- Activity
What's needed is an exact copy of all the data below, without pictures.

──────── Supplied information

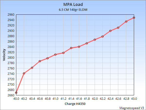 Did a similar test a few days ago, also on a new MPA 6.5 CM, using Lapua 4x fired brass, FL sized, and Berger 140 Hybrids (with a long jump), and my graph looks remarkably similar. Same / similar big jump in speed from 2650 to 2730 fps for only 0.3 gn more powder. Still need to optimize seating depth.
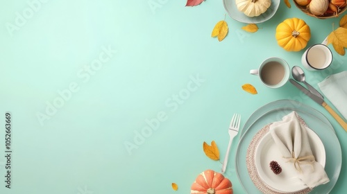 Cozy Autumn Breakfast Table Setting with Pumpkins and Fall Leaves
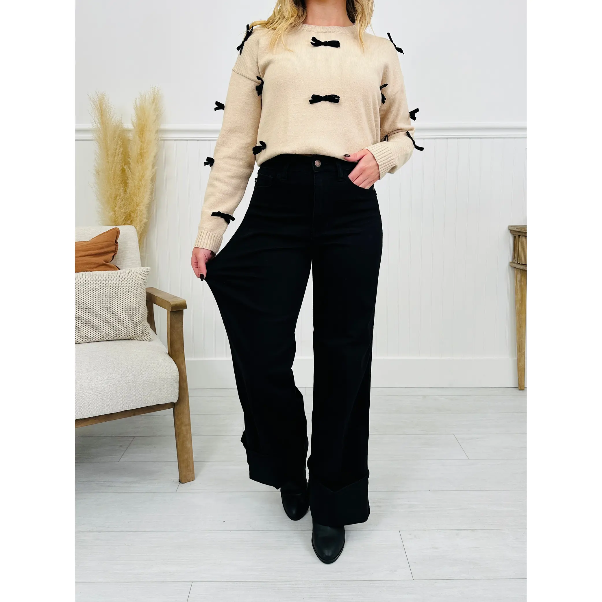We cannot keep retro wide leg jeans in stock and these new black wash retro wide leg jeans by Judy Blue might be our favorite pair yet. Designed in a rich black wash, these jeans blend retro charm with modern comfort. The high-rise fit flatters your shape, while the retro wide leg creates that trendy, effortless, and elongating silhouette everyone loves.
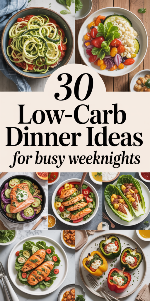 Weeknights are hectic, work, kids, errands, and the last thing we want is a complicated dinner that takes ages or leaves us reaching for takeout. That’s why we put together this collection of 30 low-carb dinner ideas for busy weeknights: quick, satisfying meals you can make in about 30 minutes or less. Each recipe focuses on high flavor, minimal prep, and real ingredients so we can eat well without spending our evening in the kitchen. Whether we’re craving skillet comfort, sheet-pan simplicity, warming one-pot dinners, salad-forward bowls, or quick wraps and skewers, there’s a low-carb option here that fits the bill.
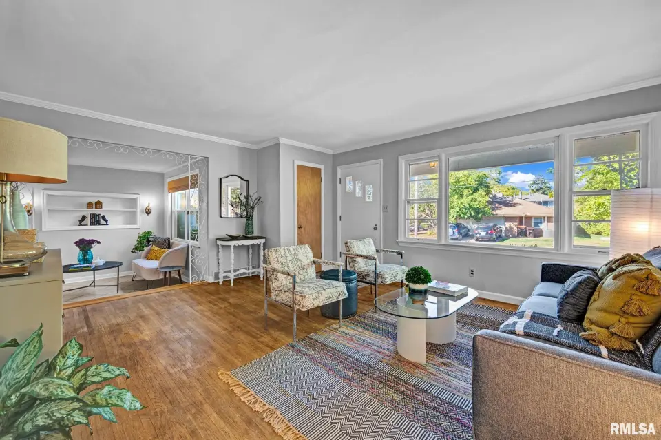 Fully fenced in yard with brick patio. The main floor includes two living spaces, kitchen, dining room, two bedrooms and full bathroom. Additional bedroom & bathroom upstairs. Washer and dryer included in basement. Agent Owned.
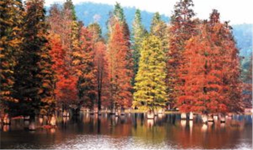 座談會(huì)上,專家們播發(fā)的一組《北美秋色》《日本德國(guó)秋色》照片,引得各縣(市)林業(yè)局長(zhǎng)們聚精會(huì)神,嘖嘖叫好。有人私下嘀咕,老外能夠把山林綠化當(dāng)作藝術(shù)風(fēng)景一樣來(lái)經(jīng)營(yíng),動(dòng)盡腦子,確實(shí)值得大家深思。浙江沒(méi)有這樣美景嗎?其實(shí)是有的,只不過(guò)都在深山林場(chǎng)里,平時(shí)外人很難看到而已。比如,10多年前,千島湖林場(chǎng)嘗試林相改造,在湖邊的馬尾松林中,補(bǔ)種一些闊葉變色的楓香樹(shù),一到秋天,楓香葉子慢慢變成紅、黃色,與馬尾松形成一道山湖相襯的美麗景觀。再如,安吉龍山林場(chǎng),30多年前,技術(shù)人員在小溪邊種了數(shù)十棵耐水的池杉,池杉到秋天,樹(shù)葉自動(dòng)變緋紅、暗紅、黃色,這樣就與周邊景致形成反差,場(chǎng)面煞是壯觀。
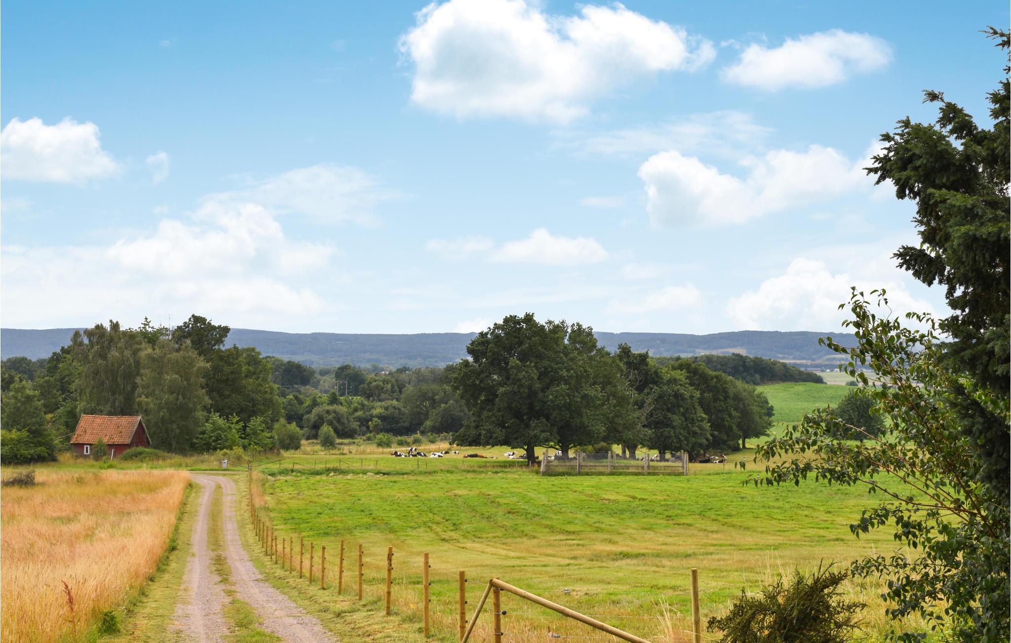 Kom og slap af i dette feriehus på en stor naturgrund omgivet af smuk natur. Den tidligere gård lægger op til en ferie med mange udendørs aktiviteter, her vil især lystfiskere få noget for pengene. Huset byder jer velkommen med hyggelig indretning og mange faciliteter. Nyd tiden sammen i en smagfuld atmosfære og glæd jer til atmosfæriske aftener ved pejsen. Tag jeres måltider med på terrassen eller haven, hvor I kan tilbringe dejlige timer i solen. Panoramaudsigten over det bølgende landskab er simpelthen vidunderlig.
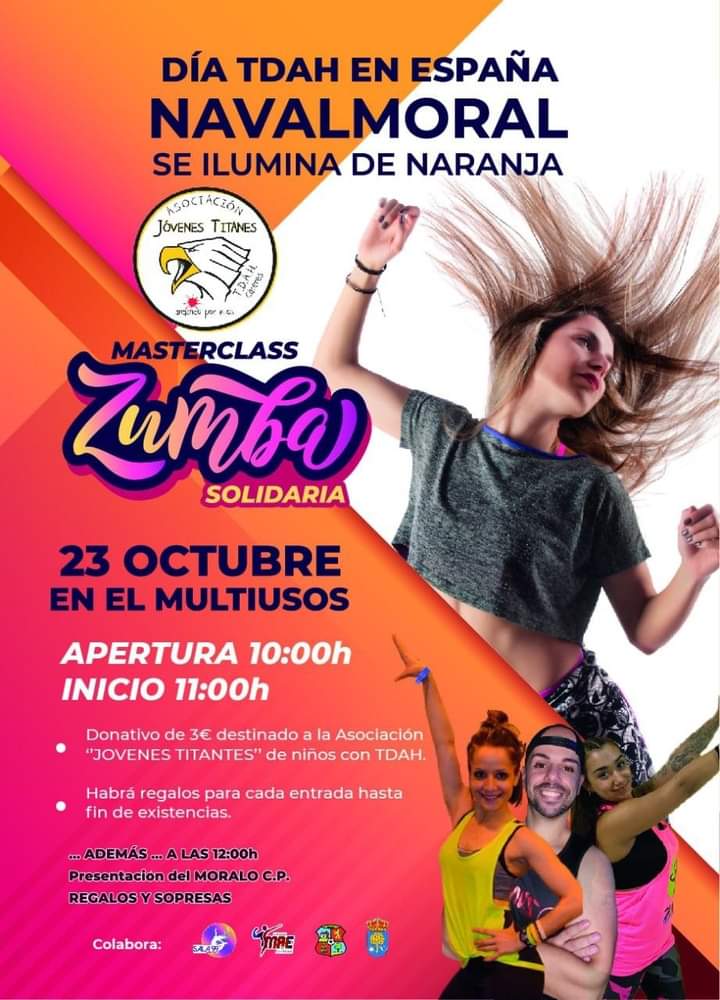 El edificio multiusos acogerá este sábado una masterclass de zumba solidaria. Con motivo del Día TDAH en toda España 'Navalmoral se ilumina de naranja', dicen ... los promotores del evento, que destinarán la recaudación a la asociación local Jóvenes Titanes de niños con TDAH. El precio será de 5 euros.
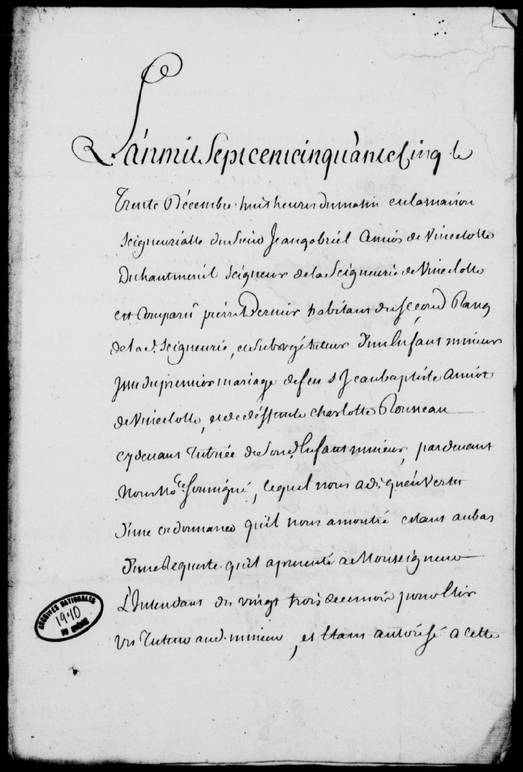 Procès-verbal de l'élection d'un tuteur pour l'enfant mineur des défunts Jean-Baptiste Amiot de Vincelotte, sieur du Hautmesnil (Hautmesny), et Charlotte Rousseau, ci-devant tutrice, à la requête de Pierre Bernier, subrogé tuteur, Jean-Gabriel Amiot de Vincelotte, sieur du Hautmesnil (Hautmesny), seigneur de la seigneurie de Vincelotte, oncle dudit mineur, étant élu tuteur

────────────────

- The answer
 Did a similar test a few days ago, also on a new MPA 6.5 CM, using Lapua 4x fired brass, FL sized, and Berger 140 Hybrids (with a long jump), and my graph looks remarkably similar. Same / similar big jump in speed from 2650 to 2730 fps for only 0.3 gn more powder. Still need to optimize seating depth.
 Cozy Autumn Breakfast Table Setting with Pumpkins and Fall Leaves
We cannot keep retro wide leg jeans in stock and these new black wash retro wide leg jeans by Judy Blue might be our favorite pair yet. Designed in a rich black wash, these jeans blend retro charm with modern comfort. The high-rise fit flatters your shape, while the retro wide leg creates that trendy, effortless, and elongating silhouette everyone loves.
 Weeknights are hectic, work, kids, errands, and the last thing we want is a complicated dinner that takes ages or leaves us reaching for takeout. That’s why we put together this collection of 30 low-carb dinner ideas for busy weeknights: quick, satisfying meals you can make in about 30 minutes or less. Each recipe focuses on high flavor, minimal prep, and real ingredients so we can eat well without spending our evening in the kitchen. Whether we’re craving skillet comfort, sheet-pan simplicity, warming one-pot dinners, salad-forward bowls, or quick wraps and skewers, there’s a low-carb option here that fits the bill.
 Fully fenced in yard with brick patio. The main floor includes two living spaces, kitchen, dining room, two bedrooms and full bathroom. Additional bedroom & bathroom upstairs. Washer and dryer included in basement. Agent Owned.
 座談會(huì)上,專家們播發(fā)的一組《北美秋色》《日本德國(guó)秋色》照片,引得各縣(市)林業(yè)局長(zhǎng)們聚精會(huì)神,嘖嘖叫好。有人私下嘀咕,老外能夠把山林綠化當(dāng)作藝術(shù)風(fēng)景一樣來(lái)經(jīng)營(yíng),動(dòng)盡腦子,確實(shí)值得大家深思。浙江沒(méi)有這樣美景嗎?其實(shí)是有的,只不過(guò)都在深山林場(chǎng)里,平時(shí)外人很難看到而已。比如,10多年前,千島湖林場(chǎng)嘗試林相改造,在湖邊的馬尾松林中,補(bǔ)種一些闊葉變色的楓香樹(shù),一到秋天,楓香葉子慢慢變成紅、黃色,與馬尾松形成一道山湖相襯的美麗景觀。再如,安吉龍山林場(chǎng),30多年前,技術(shù)人員在小溪邊種了數(shù)十棵耐水的池杉,池杉到秋天,樹(shù)葉自動(dòng)變緋紅、暗紅、黃色,這樣就與周邊景致形成反差,場(chǎng)面煞是壯觀。
 Kom og slap af i dette feriehus på en stor naturgrund omgivet af smuk natur. Den tidligere gård lægger op til en ferie med mange udendørs aktiviteter, her vil især lystfiskere få noget for pengene. Huset byder jer velkommen med hyggelig indretning og mange faciliteter. Nyd tiden sammen i en smagfuld atmosfære og glæd jer til atmosfæriske aftener ved pejsen. Tag jeres måltider med på terrassen eller haven, hvor I kan tilbringe dejlige timer i solen. Panoramaudsigten over det bølgende landskab er simpelthen vidunderlig.
 El edificio multiusos acogerá este sábado una masterclass de zumba solidaria. Con motivo del Día TDAH en toda España 'Navalmoral se ilumina de naranja', dicen ... los promotores del evento, que destinarán la recaudación a la asociación local Jóvenes Titanes de niños con TDAH. El precio será de 5 euros.
 Procès-verbal de l'élection d'un tuteur pour l'enfant mineur des défunts Jean-Baptiste Amiot de Vincelotte, sieur du Hautmesnil (Hautmesny), et Charlotte Rousseau, ci-devant tutrice, à la requête de Pierre Bernier, subrogé tuteur, Jean-Gabriel Amiot de Vincelotte, sieur du Hautmesnil (Hautmesny), seigneur de la seigneurie de Vincelotte, oncle dudit mineur, étant élu tuteur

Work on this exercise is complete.